VANCOUVER, Canada — As Citiscope reported this week, Vancouver’s Canada Line has proven to be a successful model of using an extensive public-private partnership on a transit project.

So it may seem strange at first that Vancouver’s next rail line isn’t using the same arrangement.

Work has already begun on the Evergreen Line, which will service the region’s northeastern suburbs and is due to open in 2016. The project is using a private partner to do only the design, construction and partial financing. That’s a more cautious arrangement than the one used for the Canada Line, which also packaged 30 years of operation and maintenance into the deal.

Even the private financing is limited. Some $1.41 billion of the the $1.43-billion line will be covered by the federal and provincial governments, as well as TransLink, the regional transit authority.

Why the different approach? There’s a key difference between the two rail lines. The Evergreen Line is an extension of another line of Vancouver’s SkyTrain metro system. It’s using the same equipment as the rest of the system. By comparison, the Canada Line is a more self-contained system that uses railcars that don’t run on the other SkyTrain lines.

British Columbia’s office that handles public-private partnerships for infrastructure determined that the more comprehensive arrangement of the Canada Line wouldn’t work for the Evergreen. TransLink could achieve more economies of scale by doing the maintenance itself. The Canada Line model “was examined but deemed not appropriate for the project because of the need for full operational integration with the existing SkyTrain system,” a Partnerships BC report says.

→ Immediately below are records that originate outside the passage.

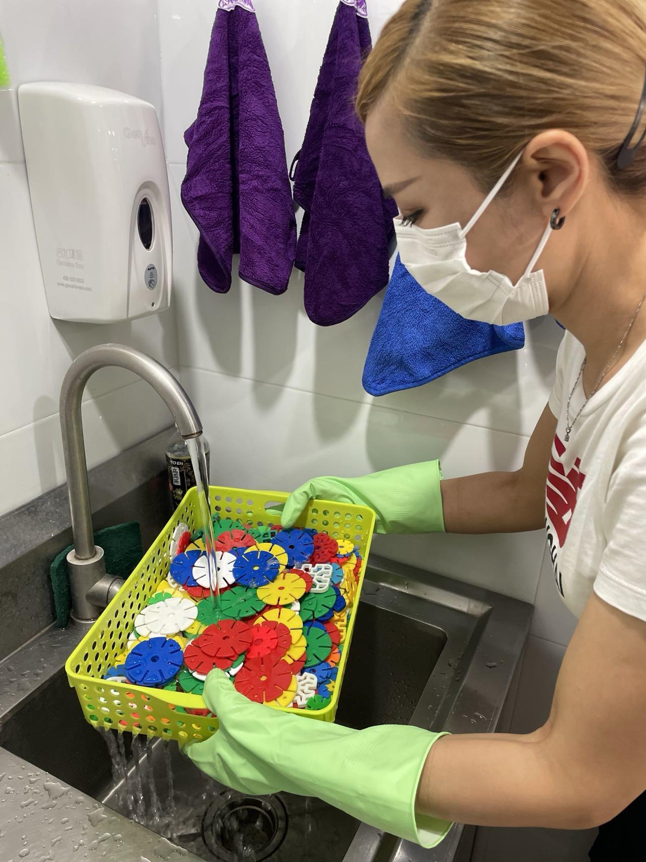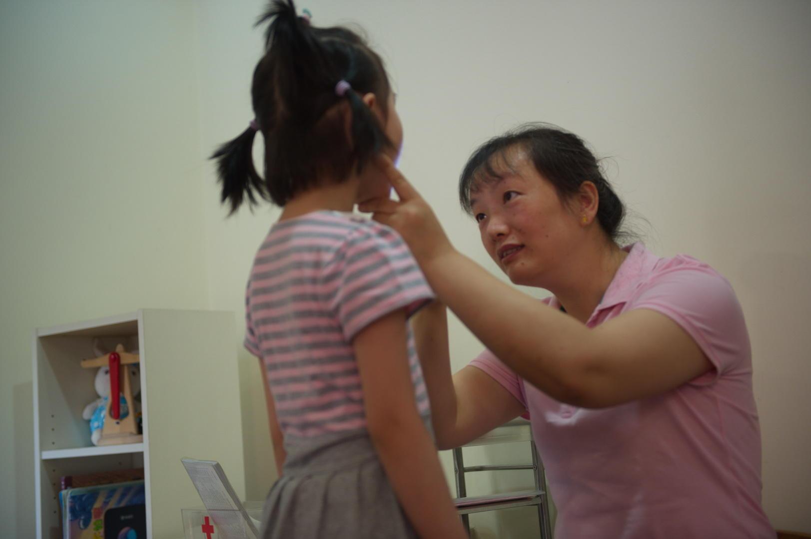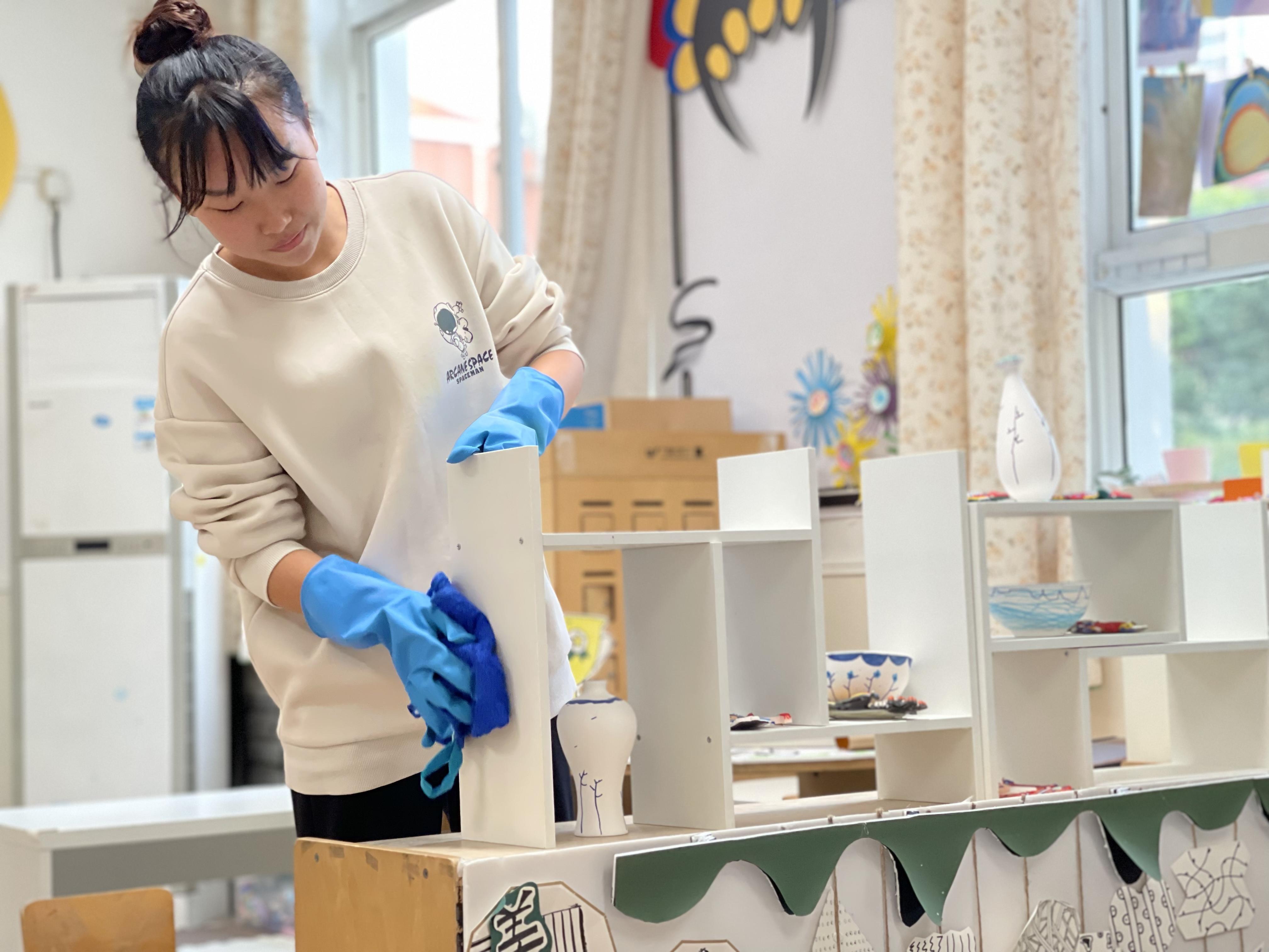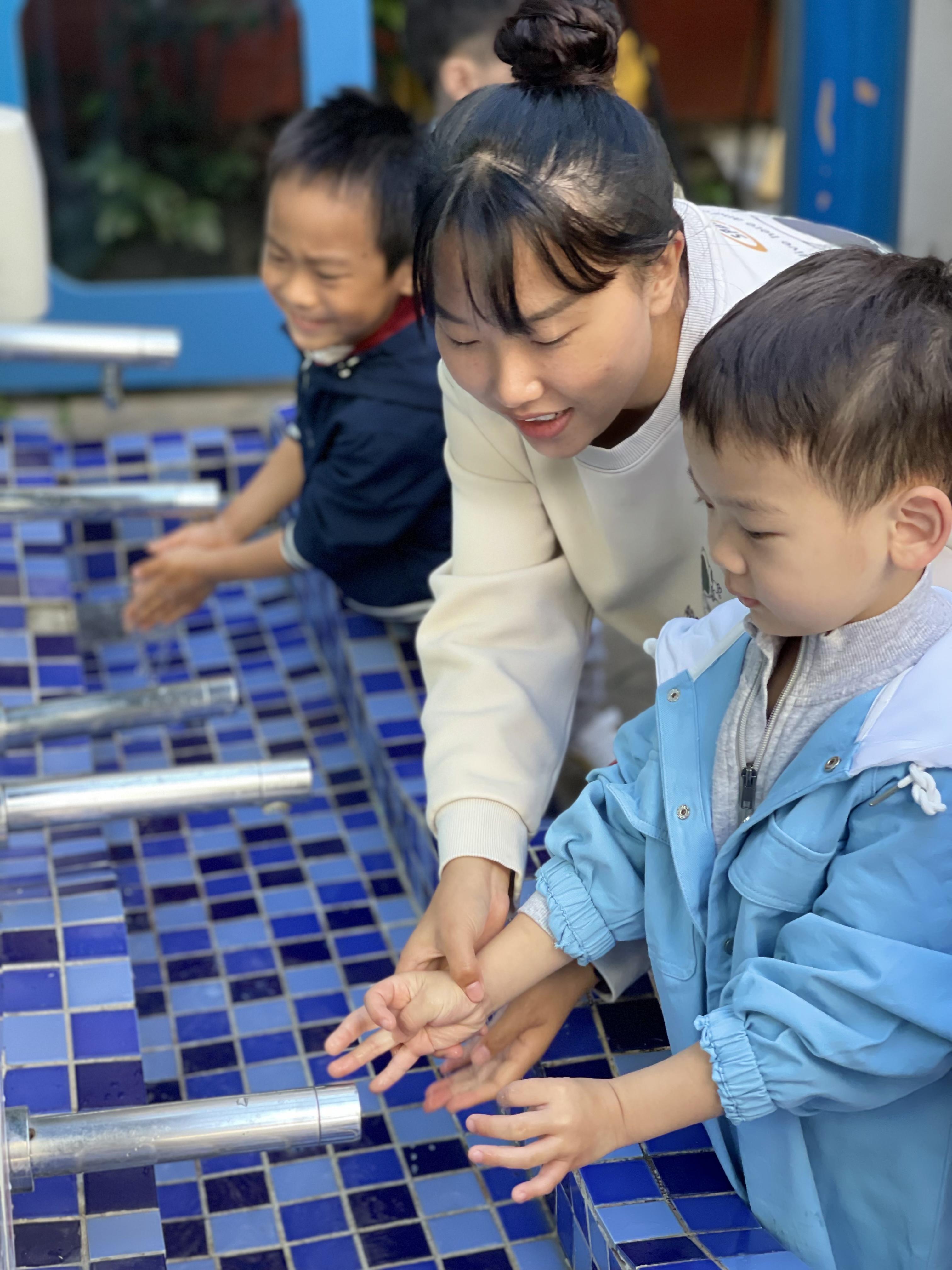 有一次,当她在护理孩子们午餐时,班级里的童宝说道:“扣子老师,我吃不下,我想吐……”“扣子老师”摸了摸孩子的额头,发现没有发烧,正在思考如何鼓励孩子再多吃两口的时候,“哇”地一声,童宝吐了“扣子老师”一身。看着童宝苍白的小脸,“扣子老师”顾不上擦自己的脸,用纸巾轻轻地先帮童宝擦干净脸上和手上的呕吐物,安慰她不要害怕,再拿起班级里的干毛巾覆盖在呕吐物上。当“扣子老师”完成消毒工作后,这才发现,浑身散发着刺鼻气味的自己有点狼狈。“此时的童宝已经在老师的帮助下喝水、漱口,情绪逐渐稳定了下来。这一刻,我也真的做到了‘不怕脏,不怕累’。”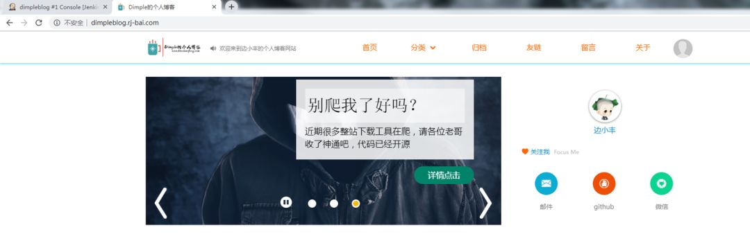 啊,就是这样,能访问到,说明没啥子问题,说真的这个博客做的还是蛮不错的,而且看上去开源的原因也是作者被逼无奈,哈哈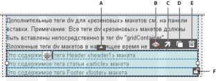 При выборе вставляемого элемента отображаются параметры для скрытия, копирования, блокировки или удаления элемента Div. Для элементов Div, наложенных друг на друга, отображается параметр, позволяющий поменять элементы Div местами.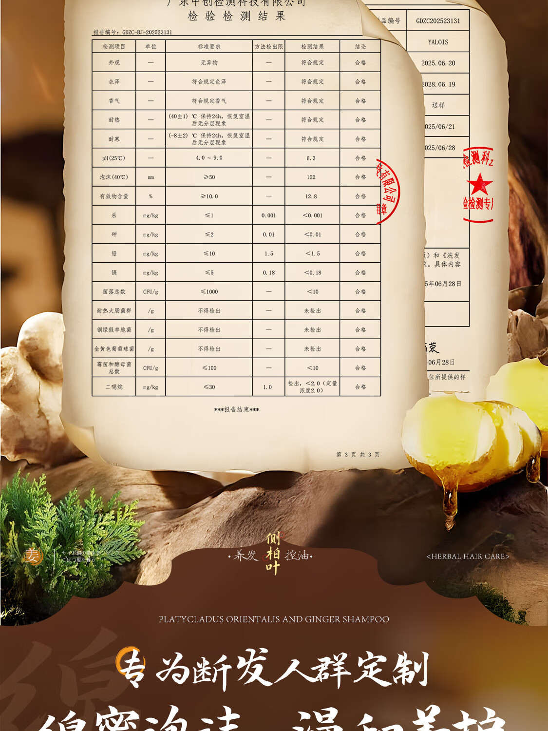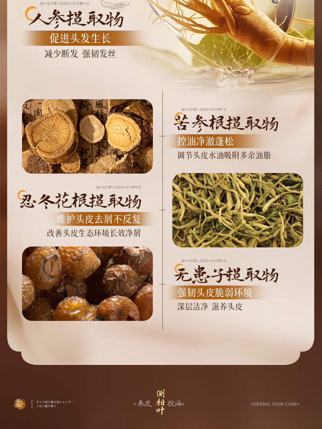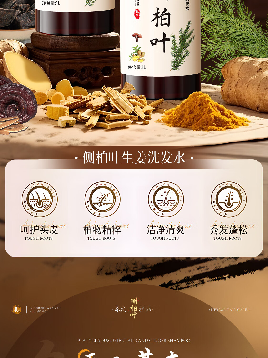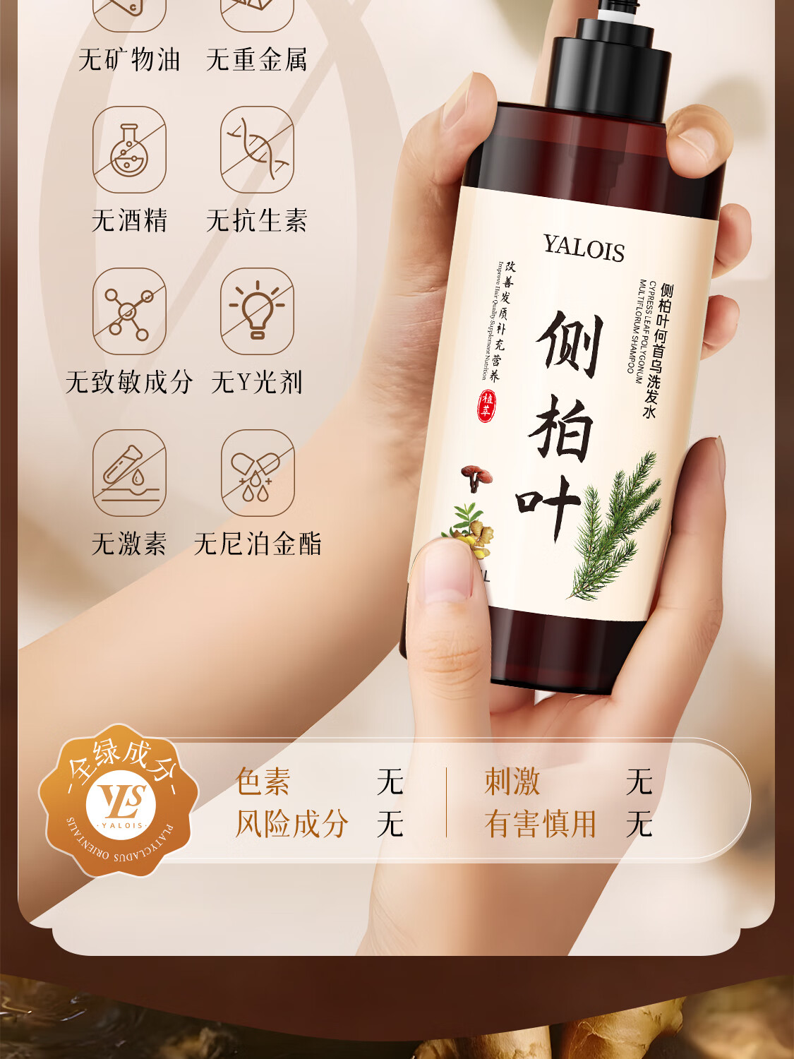娅洛思侧柏叶生姜何首乌洗发水男女士专用防断控油清洁蓬松温和洗头水1L

British Columbia’s auditor-general concluded that was a wise decision. There was “a solid basis for government’s decision to reject a longer-term P3 arrangement,” the auditor’s report said, “because of the integration and efficiency benefits of having one operator across the entire SkyTrain system.”

That assessment led some critics to question again whether the Canada Line should have been executed the way it was, since it introduced a second operator into a public transit system. But Fred Cummings, who heads up TransLink’s rail operations, says the two cases aren’t comparable.

“The Evergreen Line is a completely different beast,” says Cummings. “People who will be using it are on the Millennium Line too. If it was run as a separate operation, how would that work? But on the Canada Line, it’s a pretty distinct market.”

(photo abdallah / flickr)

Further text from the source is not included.